= Beginning of Section =

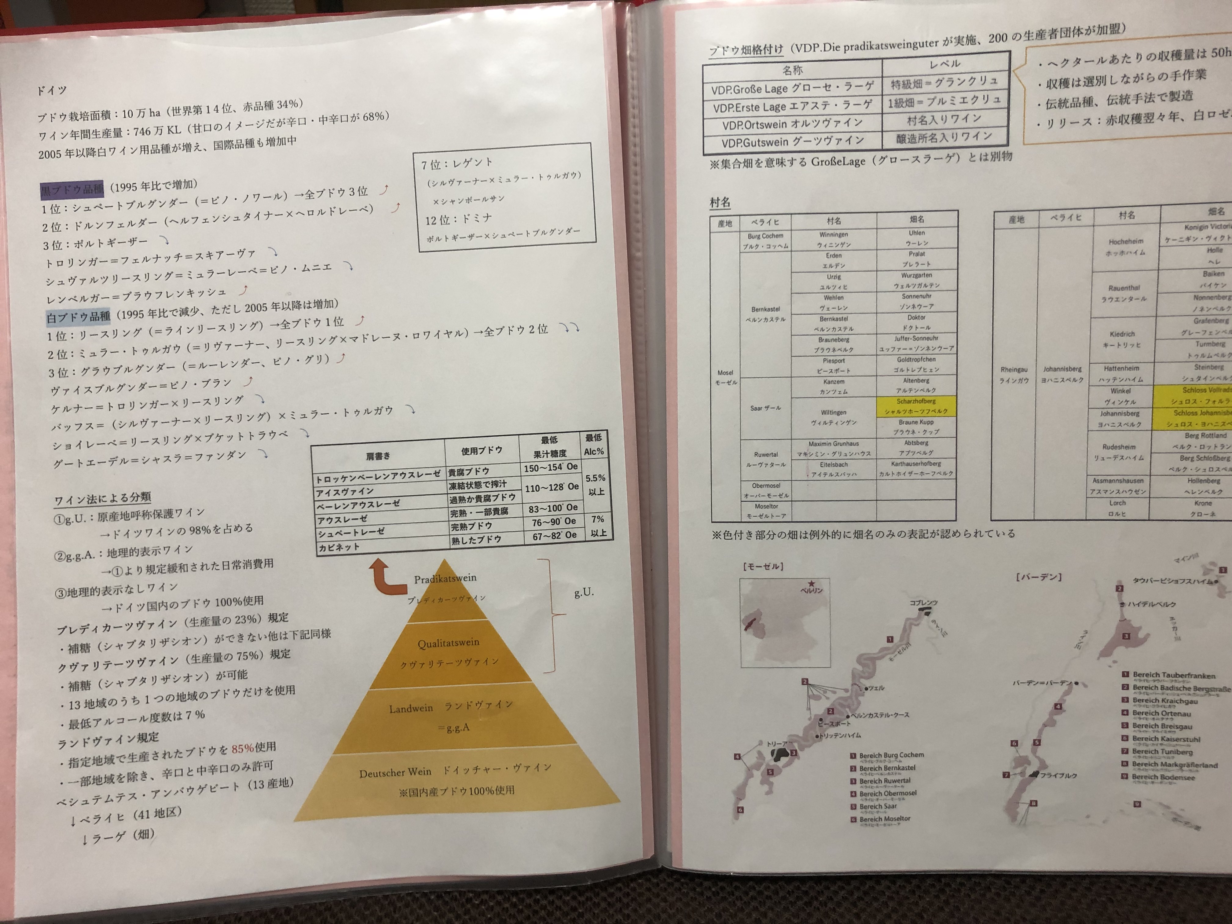 この時点で問題を解いても全く歯が立たないことがわかり、また参考書や教本を読み込んだだけではどうしても勉強した気にならないと判断し、フランスから順番に自分で資料をまとめていくことにしました。(概論やサービスの範囲は参考書の方がしっかりまとまっているので、基本的に各産地のみ)
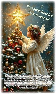 C Рождественским сочельником! Пускай Рождественский сочельник будет полон добра, радости и гармонии! Пускай Господь благословит всю твою семью и близких тебе людей, а яркая звезда на небе укажет верный путь! Желаю тебе мира в душе и благополучия во всем в этот светлый праздник!
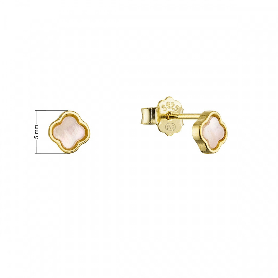 Pozlátené strieborné náušnice štvorlístky s ružovou perleťou 11709.3
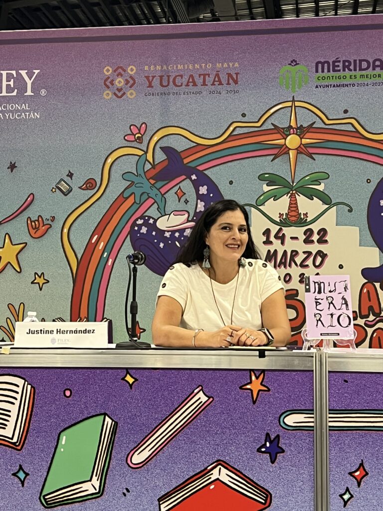 La escritora Justine Hernández presentó su libro de relatos “Mujerario” en el Salón Chichén Itzá, sala Effy Luz Vázquez. Ahí, acompañada por la presentadora Nelia Bojórquez, la autora compartió una obra que utiliza el alfabeto para nombrar y visibilizar las diversas realidades de las mujeres, alejándose de los estereotipos tradicionales de «suavidad y dulzura». Durante el encuentro, Justine Hernández, quien se describió como una creadora que transita «de Península a Península», explicó que la estructura de su obra permite un ritmo sensorial donde cada nombre se vincula a una historia particular.
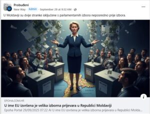 “U Moldaviji su dvije stranke isključene s parlamentarnih izbora neposredno prije izbora. Smatrane su previše proruskima. Istovremeno, čelnici EU obećavaju milijarde pomoći. Izbori su očito “demokratski” samo ako je dopušteno sudjelovanje samo “100% prorežimskim” strankama”.
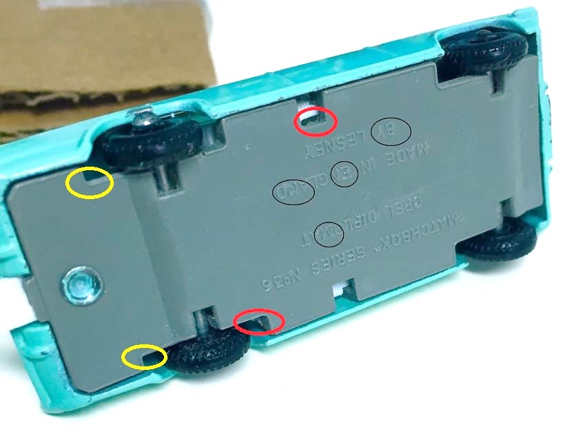 The nik_stil Opel is a 'Code 3' model, it has been created to look like an original 'Pre-Pre' example with the word 'restored' in the model's description, so while it is not a fake in the true sense, it clearly shows it's baseplate to us and that is not a Lesney factory moulding.
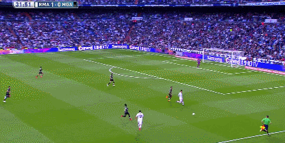 体勢を崩されかけるも、そこから一瞬で立て直すとヒールを使った驚きの股抜き!しっかりクロスにまでつなげており、ベルナベウを大いに沸かせるプレーであった。
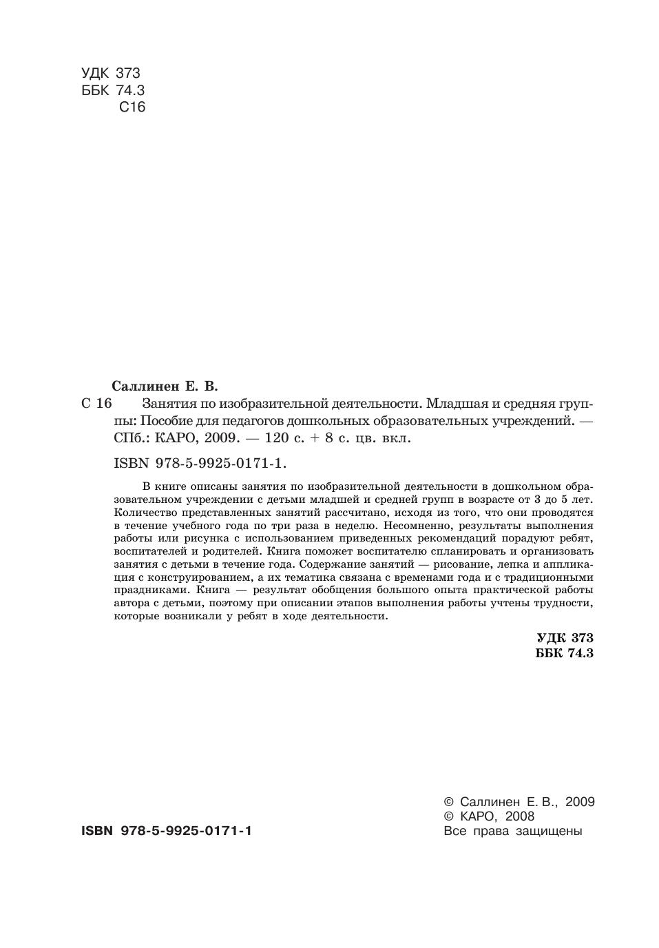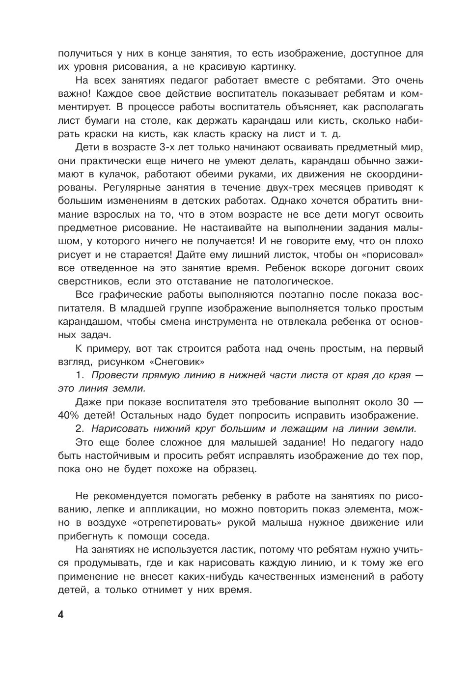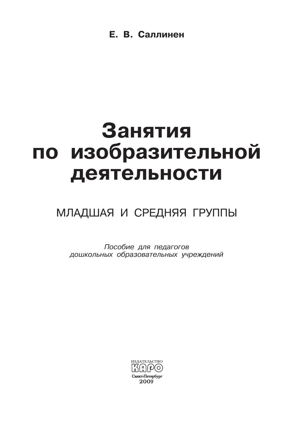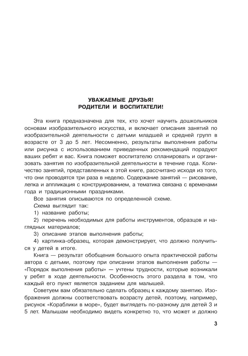 В книге описаны занятия по изобразительной деятельности в дошкольном образовательном учреждении с детьми младшей и средней групп в возрасте от 3 до 5 лет. Количество представленных занятий рассчитано, исходя из того, что они проводятся в течение учебного года по три раза в неделю. Несомненно, результаты выполнения работы или рисунка с использованием приведенных рекомендаций порадуют ребят, воспитателей и родителей. Книга поможет воспитателю спланировать и организовать занятия с детьми в течение года. Содержание занятий — рисование, лепка и аппликация с конструированием, а их тематика связана с временами года и с традиционными праздниками. Книга — результат обобщения большого опыта практической работы автора с детьми, поэтому при описании этапов выполнения работы учтены трудности, которые возникали у ребят в ходе деятельности.
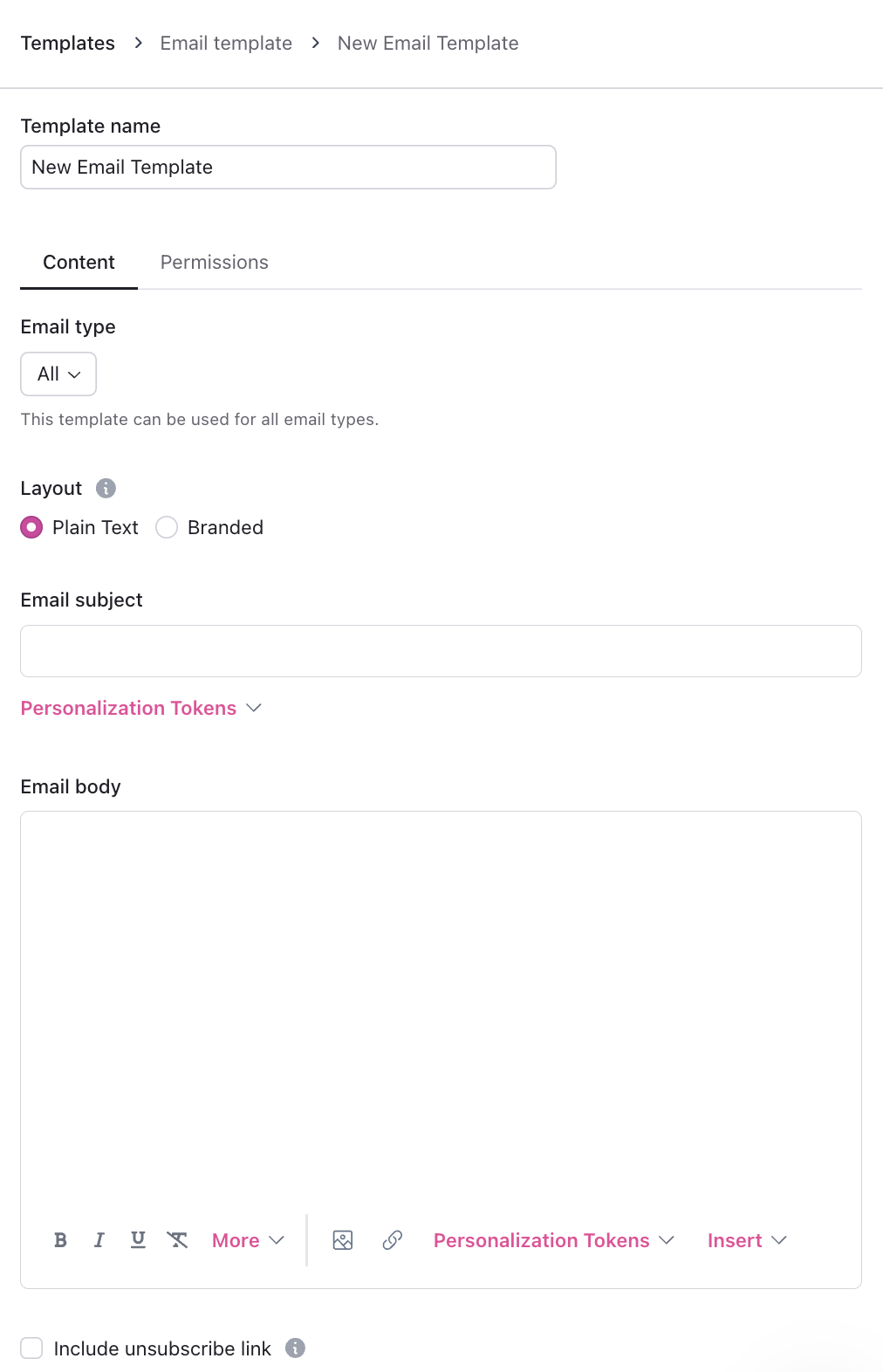Select the name of an email template to open it and begin editing. Make changes to the content, name, and more, or select the Permissions tab to change which teams have access to it. Save changes to apply.
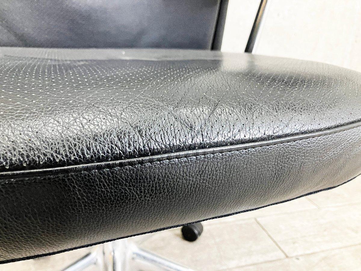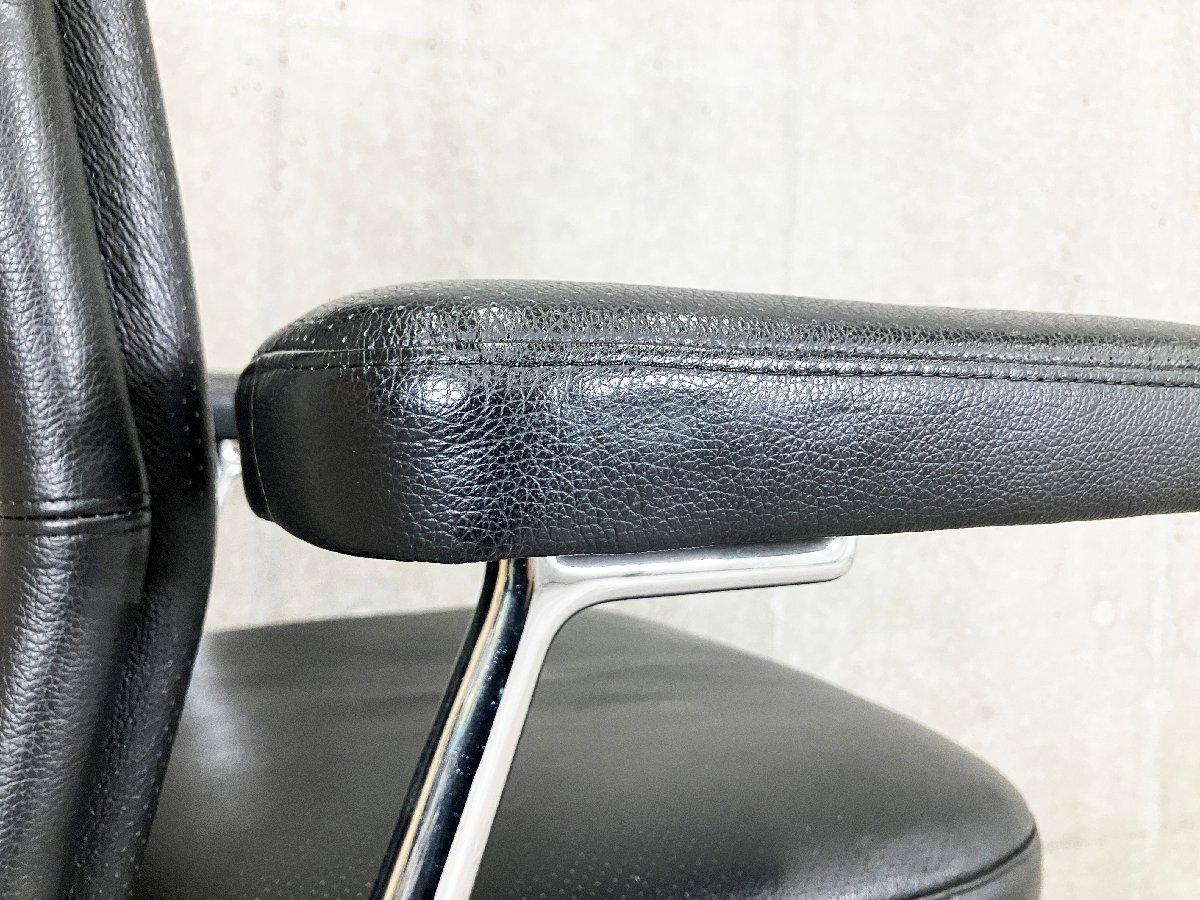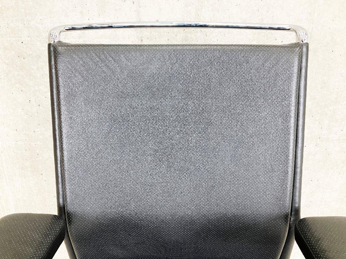 レザー張りの背・座がもたらす上質な座り心地と、クロームフレームの美しいラインが特徴のモデル。ミッドセンチュリーの空気を感じさせる端正な佇まいで、ワークスペースに落ち着いた存在感を与えます。
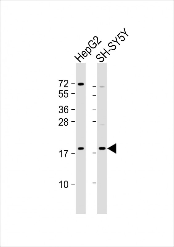 All lanes : Anti- at 1:1000 dilution Lane 1: HepG2 whole cell lysate Lane 2: SH-SY5Y whole cell lysate Lysates/proteins at 20 μg per lane. Secondary Goat Anti-mouse IgG, (H+L), Peroxidase conjugated at 1/10000 dilution. Predicted band size : 14 kDa Blocking/Dilution buffer: 5% NFDM/TBST.
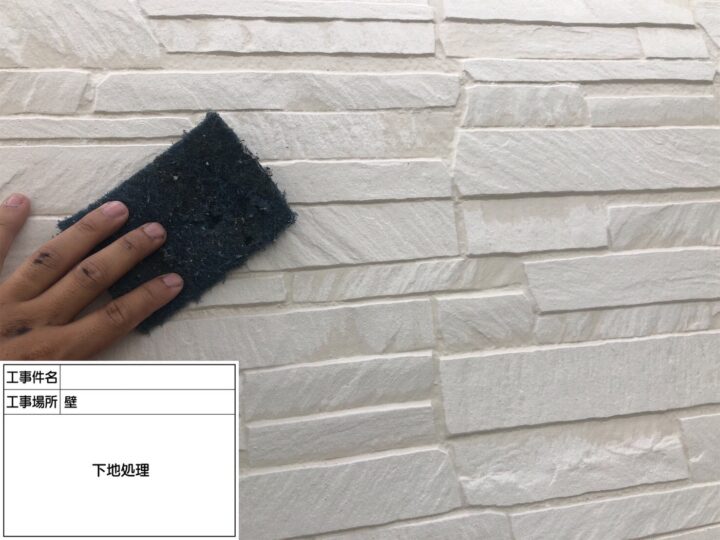 高圧洗浄である程度汚れを落としたあと、落としきれなかった汚れをペーパーケレンなどで落としていき、ひび割れなどのクラック補正しました。
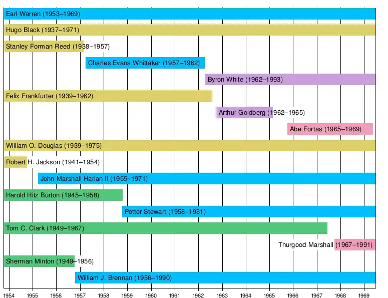Jackson starb 1954 und Minton ging 1956 in den Ruhestand, und sie wurden durch John Marshall Harlan II und William Brennan ersetzt. Eine weitere Vakanz fand statt, als Reed 1957 in den Ruhestand ging und durch Charles Evans Whittaker ersetzt wurde, und dann ging Burton 1958 in den Ruhestand, wobei Eisenhower Potter Stewart an seiner Stelle ernannte. Als Frankfurter und Whittaker 1962 in den Ruhestand gingen, erhielt der damalige Präsident John F. Kennedy die Befugnis, zwei neue Richter zu ernennen: Byron White und Arthur Goldberg. Präsident Lyndon B. Johnson ermutigte Goldberg jedoch, 1965 zurückzutreten, um Botschafter bei den Vereinten Nationen zu werden, und ernannte Abe Fortas, um seinen Platz einzunehmen. Clark trat 1967 in den Ruhestand, und Johnson berief den ersten afroamerikanischen Richter, Thurgood Marshall, zum Gericht. Das Warren-Gericht endete am 23. Juni 1969, als Earl Warren in den Ruhestand ging und durch Warren E. Burger ersetzt wurde.

= End of Section =

Exercise directions =
Output the data above in full. Skip every picture.

Answer section =
 この時点で問題を解いても全く歯が立たないことがわかり、また参考書や教本を読み込んだだけではどうしても勉強した気にならないと判断し、フランスから順番に自分で資料をまとめていくことにしました。(概論やサービスの範囲は参考書の方がしっかりまとまっているので、基本的に各産地のみ)
 C Рождественским сочельником! Пускай Рождественский сочельник будет полон добра, радости и гармонии! Пускай Господь благословит всю твою семью и близких тебе людей, а яркая звезда на небе укажет верный путь! Желаю тебе мира в душе и благополучия во всем в этот светлый праздник!
 Pozlátené strieborné náušnice štvorlístky s ružovou perleťou 11709.3
 La escritora Justine Hernández presentó su libro de relatos “Mujerario” en el Salón Chichén Itzá, sala Effy Luz Vázquez. Ahí, acompañada por la presentadora Nelia Bojórquez, la autora compartió una obra que utiliza el alfabeto para nombrar y visibilizar las diversas realidades de las mujeres, alejándose de los estereotipos tradicionales de «suavidad y dulzura». Durante el encuentro, Justine Hernández, quien se describió como una creadora que transita «de Península a Península», explicó que la estructura de su obra permite un ritmo sensorial donde cada nombre se vincula a una historia particular.
 “U Moldaviji su dvije stranke isključene s parlamentarnih izbora neposredno prije izbora. Smatrane su previše proruskima. Istovremeno, čelnici EU obećavaju milijarde pomoći. Izbori su očito “demokratski” samo ako je dopušteno sudjelovanje samo “100% prorežimskim” strankama”.
 The nik_stil Opel is a 'Code 3' model, it has been created to look like an original 'Pre-Pre' example with the word 'restored' in the model's description, so while it is not a fake in the true sense, it clearly shows it's baseplate to us and that is not a Lesney factory moulding.
 体勢を崩されかけるも、そこから一瞬で立て直すとヒールを使った驚きの股抜き!しっかりクロスにまでつなげており、ベルナベウを大いに沸かせるプレーであった。
 В книге описаны занятия по изобразительной деятельности в дошкольном образовательном учреждении с детьми младшей и средней групп в возрасте от 3 до 5 лет. Количество представленных занятий рассчитано, исходя из того, что они проводятся в течение учебного года по три раза в неделю. Несомненно, результаты выполнения работы или рисунка с использованием приведенных рекомендаций порадуют ребят, воспитателей и родителей. Книга поможет воспитателю спланировать и организовать занятия с детьми в течение года. Содержание занятий — рисование, лепка и аппликация с конструированием, а их тематика связана с временами года и с традиционными праздниками. Книга — результат обобщения большого опыта практической работы автора с детьми, поэтому при описании этапов выполнения работы учтены трудности, которые возникали у ребят в ходе деятельности.
Select the name of an email template to open it and begin editing. Make changes to the content, name, and more, or select the Permissions tab to change which teams have access to it. Save changes to apply.
 レザー張りの背・座がもたらす上質な座り心地と、クロームフレームの美しいラインが特徴のモデル。ミッドセンチュリーの空気を感じさせる端正な佇まいで、ワークスペースに落ち着いた存在感を与えます。
 All lanes : Anti- at 1:1000 dilution Lane 1: HepG2 whole cell lysate Lane 2: SH-SY5Y whole cell lysate Lysates/proteins at 20 μg per lane. Secondary Goat Anti-mouse IgG, (H+L), Peroxidase conjugated at 1/10000 dilution. Predicted band size : 14 kDa Blocking/Dilution buffer: 5% NFDM/TBST.
 高圧洗浄である程度汚れを落としたあと、落としきれなかった汚れをペーパーケレンなどで落としていき、ひび割れなどのクラック補正しました。
Jackson starb 1954 und Minton ging 1956 in den Ruhestand, und sie wurden durch John Marshall Harlan II und William Brennan ersetzt. Eine weitere Vakanz fand statt, als Reed 1957 in den Ruhestand ging und durch Charles Evans Whittaker ersetzt wurde, und dann ging Burton 1958 in den Ruhestand, wobei Eisenhower Potter Stewart an seiner Stelle ernannte. Als Frankfurter und Whittaker 1962 in den Ruhestand gingen, erhielt der damalige Präsident John F. Kennedy die Befugnis, zwei neue Richter zu ernennen: Byron White und Arthur Goldberg. Präsident Lyndon B. Johnson ermutigte Goldberg jedoch, 1965 zurückzutreten, um Botschafter bei den Vereinten Nationen zu werden, und ernannte Abe Fortas, um seinen Platz einzunehmen. Clark trat 1967 in den Ruhestand, und Johnson berief den ersten afroamerikanischen Richter, Thurgood Marshall, zum Gericht. Das Warren-Gericht endete am 23. Juni 1969, als Earl Warren in den Ruhestand ging und durch Warren E. Burger ersetzt wurde.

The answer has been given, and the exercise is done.